Pamer kecurangan
Kita ini bangsa munafik, bangsa curang. Kalau jujur, tak ikut curang akan didemo, dikucilkan, diasingkan. Dimana-mana pamer kecurangan. Di pendidikan, di pengadilan, di yudikatif, di legislatif, di eksekutif, di mana-mana.
Lima puluh tahun yang lalu, dalam majalah SASTRA, No.8/9, Th.II, 1962 terdapat cerita pentas “Domba-Domba Revolusi”, oleh B Soelarto. Seluruh pelakunya : perempuan, penyair, petualang, politikus, pedagang, serdadu adalah pembohong, pendusta. Semuanya mahir, terampil mengemas, memoles kebohongan, kedustaan dengan menggnakan ribuan topeng, masker.
Keahlian menyembunyikan kebohongan untuk sesaat memang dapat menyelamatkan diri. Namun “sekali lancung ke ujian, sepanjang hidup tak dipercaya”.
Diceritakan bahwa Syaikh Abdul Qadir Jailani, ketika berangkat pergi belajar, menuntut ilmu agama, di tengah perjalanan ia bertemu dengan sekawanan penyamun, perampok. Salah seorang dari penyamun itu menghampirinya dan menanyakan kepadanya apakah ia membawa uang. Abdul Qadir kecil teringat akan didikan ibunya agar jangan pernah berbohong, berdusta. Ia menjawab bahwa ia membawa dua puluh keping uang mas yang dijahitkan oleh ibunya dalam bajunya. Ia menerangkan bahwa ibunya mengajarinya, mendidiknya agar jangan pernah berbohong, berdusta. Mendengar cerita Abdul Qadir kecil, maka hati, perasaan si penyamun itu tersentuh, tergugah. Bahkan akhirnya si penyamun tersebut menjadi murid pertama dari Syaikh Abdul Qadir Jailani (“Sepintas Tentang Riwayat Hidup Syaikh Abdul Qadir Jailani”, dalam “Kunci Tasawuf : Menyingkap Rahasia Kegaiban Hati”, terbitan Husaini, bandung, 1985:VI).

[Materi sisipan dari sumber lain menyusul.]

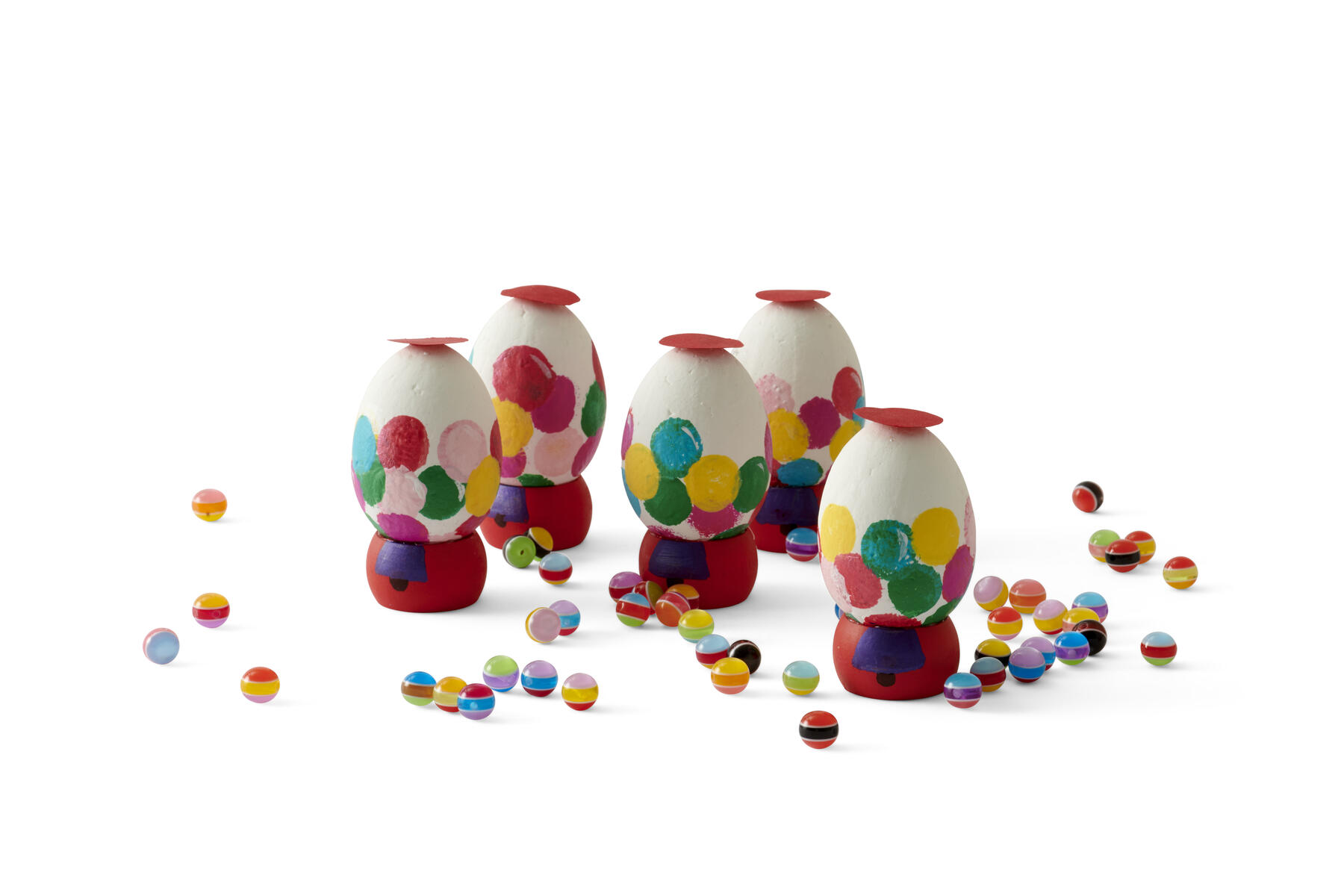 - Klipp en cirkel av rött papper. Limma fast på toppen av tuggummimaskinen.

Iman-islam mencegah kecurangan, kemunafikan. Rasulullah saw mengajarkan agar tak pernah berbohong, berdusta. “Sesungguhnya berkata benar itu membawa kepada kebaikan dan kebaikan itu membawa ke surga. Seorang membiasakan diri berkata benar hingga tercatat di sisi Allah sebagai seorang benar. Dan dusta itu membawa kepada kecurangan, dan kecurangan itu menuju ke neraka Seorang selalu berdusta hingga tercatat di sisi Allah sebagai pendusta” (HR Bukhari Muslim dari Ibnu Mas’ud dalam “Riadhus Shalihin” Imam Nawawi, pasal “Haram Berdusta”).
Diceritakan bahwa seorang preman, begajul datang mengunjungi seorang kiyai. Ia minta diajari tentang Islam. Sang kiyai hanya mengajarinya agar tak pernah berbohong, berdusta. Dengan mengamalkan, menerapkan ajaran tersebut, si preman tak pernah lagi melakukan tindak kejahatan, perbuatan munkar.
Sorang Islam, seorang beriman tak akan melakukan tindak kejahatan, perbuatan munkar. Seorang Islam hanya akan melakukan tindak kejahatan, perbuatan munkar ketika Islam itu terlepas dari dirinya. “Tidak akan berzina seorang pelacur di waktu berzina, jika ia beriman, dan tidak akan minum khamar ketika meminumnya jika beriman, dan tidak akan mencuri seorang pencuri di waktu mencuri jika ia berman (HR Bukhari, Muslim dari Abu Hurairah, dalam “alLukluk wal Marjan”, hadits no.36).
Orang Islam, pertama sekali diajarkan Rasulullah saw adalah keimanan, kepercayaan akan Allah swt. Dimana dan kapan pun berada, Allah senantiasa mengawasi, memperhatikan tindakan, perbuatan. Seorang Islam sangat malu melakukan tindak kejahatan, perbuatan munkar. Malu akan dirinya, akan keluarganya, akan tetangganya, akan masyarakatnya, akan Tuhannya. Jika sudah tak punya malu, jika sudah turun ke taraf binatang, silakan berbuat sesuka hati. “Jika kamu tak punya malu, lakukanlah sesukamu” (HR Bukhari dalam “Mukhtarul Ahadits anNabawiyah” Ahmad alHasyimi Beik, hal 52, hadits no.364).
Kecurangan di mana-mana
Di Arab pun tak ada keadilan. Di mana-mana hanya kecurangan. Atas nama Hukum Islam, Ruyati (54 tahun) dipenggal, dipancung Arab, tanpa mempertimbangkan siksaan, penganiayaan yang diterimanya dari majikannya. Citra Islam dan Hukum Islam rusak, luntur di mata dunia, terutama di mata Barat Kristen. Seandainya keadilan Umar bin Khattab yang diterapkan, maka taaaaaak akan terjadi pemancungan semena-mena.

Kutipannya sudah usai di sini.